Struck by the simplicity of the answer, Debby did, indeed, do it.
As for George, he says that "of course" he is proud of his wife. "I have always been." He adds that he was not surprised when she was named a finalist, because he has known for decades that such honors would come to his wife. Even Debby's mother, who did the painting on the wall behind him, had always known, George, who puts great stock in the knowledge of mothers, added.
Debby is retired from Ilisagvik College, but still serves as an adjunct professor. She was also just reelected to the board of the North Slope Borough School District. As part of her campaign, she ran an ad on the Eskimo channel that stated that education is the passing of the soul of a culture from one generation to the next.
"That's what your writing is, too," George told her.

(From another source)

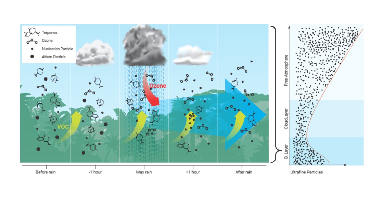 Rainfall events significantly alter trace gas concentrations just above the canopy and produce bursts of nucleation particles that grow into the size range above 40 nm by early morning the next day. Figure 1 presents a schematic representation of the gas-aerosol processes occurring during and after rainfall events. The main nucleation particle bursts occur together with ozone (O3) injections into the understory. The maximum concentration of both particles and O3 occurs about 30 minutes after the precipitation peak. The evolution of trace gas concentrations from the time before the onset of rain up to 2 hours after the maximum precipitation suggests that the particle burst is produced by the reduction of the condensation sink and reactions involving O3, terpenes and NOx. Sesquiterpenes are likely to play a major role in new particle formation.

The announcemnt of the winner of the National Book Award will be made at a fancy dinner next month in New York City. Naturally, George has been invited to attend alongside his wife. He has consented to go to New York, but not to the dinner. "It's black tie," he explains. "They're not going to put a tie on me!"
Last night, when I visited them, George was busy making ulu knives - some very large, some very small. He will convert a pair of tiny ulus into a set of ear rings for his wife to wear to the dinner where the announcement will be made.
Believe me, I stand by George on the whole black tie thing. I understand perfectly. Even so, I hope that when Debby enters the fancy place that George walks in alongside her, dressed in his classiest Iñupiaq clothing. If so, no man there will be more elegantly dressed than will be George Edwardson of Barrow, Alaska.
Well, there's lots more I could write about my friends, Debby and George Edwardson, but I've got to get up early to catch a plane to Atqasuk. And anyway, in no time at all, there's going to be lots of writers, even from outfits like the New York Times, writing about Debby and George and they will surely cover all the gound that I have skipped over or just didn't think to write about.